Berdayakan Eks ODGJ untuk Kembali Berkarya
Penyintas ODGJ di Wonorejo, Malang, mendapatkan pelatihan keterampilan hingga pemberian dan pendaftaran merek produk.
Pemberdayaan bagi para penyintas gangguan jiwa sangat dibutuhkan. Mereka juga ingin produktif berkarya dan bermanfaat di tengah masyarakat.

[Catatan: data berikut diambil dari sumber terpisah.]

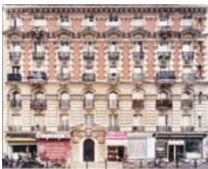
01 / © GILLES LEINDORFER, PARIS FAÇADES, 2010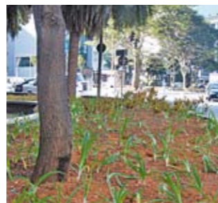
Praça Oswaldo Cruz: reformada

A cidade fica mais bonita quando as áreas verdes estão bem cuidadas. Pensando nisso, a Subprefeitura Sé vem reformando boa parte delas. É o caso dos canteiros da praça Oswaldo Cruz, do Pátio do Collegio e da praça João Mendes. Eles tiveram as muretas reformadas e o plantio de novas espécies. Os canteiros da avenida São Luiz e das ruas Santo Amaro, Santo Antônio e Japurá estão em obras. O trabalho é feito com os Zeladores de Praça da região, que ajudaram no plantio e vão fazer a conservação. O projeto Zeladores promove a melhoria das áreas verdes e ainda permite a inclusão social e qualificação profissional de desempregados com baixa escolaridade.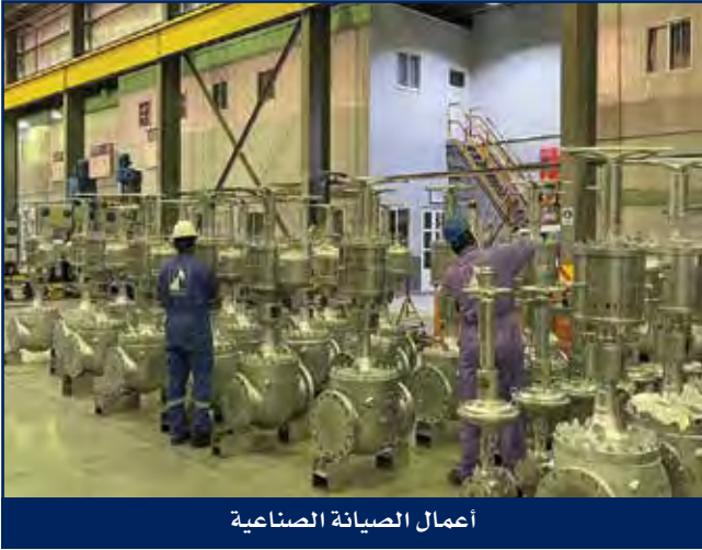
أعمال الصيانة الصناعية

عمليات الصيانة الصناعية لدى هايسكو معروفة كمتعهد رئيسي لتقديم الخدمات ذات القيمة المضافة للعملاء الأساسيين مثل وزارة الكهرباء والماء والطاقة المتجددة وشركة نفط الكويت وشركة البترول الوطنية الكويتية والشركة الكويتية لنفط الخليج وشركة صناعة البتروكيماويات وشركة إيكويت والعمليات المشتركة، وقد اكتسب فريق عمل الصيانة الصناعية خبرة كبيرة ومهارات واحترافية عالية في الخدمات الصناعية المتكاملة وتوفير الدعم والحلول الفنية ذات المقاييس العالية للجودة والسلامة بطريقة التكلفة الفعالة.

Bersama rekannya, Siti antusias mengoleskan cairan pewarna menggunakan kuas ke lembaran kain yang sebelumnya telah dibubuhi cap dan cipratan malam. Kain yang semula putih itu pun berubah warna menjadi keunguan.
Sesekali, senyum Siti mengembang. Dia merasa gembira bisa ikut dalam proses membatik. Sebuah kegiatan baru di luar rutinitas yang biasa dia lakukan.
Biasanya, gadis belasan tahun itu membantu orang berjualan makanan ringan di depan sekolah taman kanak-kanak di daerah tempat tinggalnya di Desa Wonorejo, Kecamatan Singosari, Kabupaten Malang, Jawa Timur.
”Iya, senang (membatik),” katanya kepada Kompas, Selasa (23/4/2024), di Posyandu Jiwa-Gerakan Peduli Jiwa Sehat (Gardu Sawah), Dusun Blandit Barat, Wonorejo.
Siti berkumpul bersama beberapa penyintas orang dengan gangguan jiwa (ODGJ) dari desa setempat. Mereka menghadiri acara pertanggungjawaban sosial oleh platform kekayaan intelektual mebiso.com bekerja sama dengan Gardu Sawah dan Rumah Sakit Jiwa (RSJ) Dr Radjiman Wediodiningrat Lawang.
Turut hadir, antara lain, sejumlah mahasiswa dari Universitas Negeri Malang, pemerintah desa, pihak Puskesmas Ardimulyo, dan pihak International Mental Health Cooperation and Training Center (IMHCTC) Taiwan.
Sejauh ini setidaknya ada 20-an orang yang memanfaatkan posyandu jiwa yang lokasinya di pinggir jalan desa di kawasan perkebunan tebu itu. Mereka adalah warga setempat yang sebelumnya mengalami gangguan kesehatan mental.
Selain menjalani terapi pengobatan rutin sebulan sekali, sejak 2018, mereka juga mengikuti kegiatan pemberdayaan. Setidaknya lima produk telah dihasilkan bersama masyarakat, seperti kemoceng, keset, sandal, dan bros dari kain perca. Adapun keterampilan membatik baru mereka rasakan baru-baru ini.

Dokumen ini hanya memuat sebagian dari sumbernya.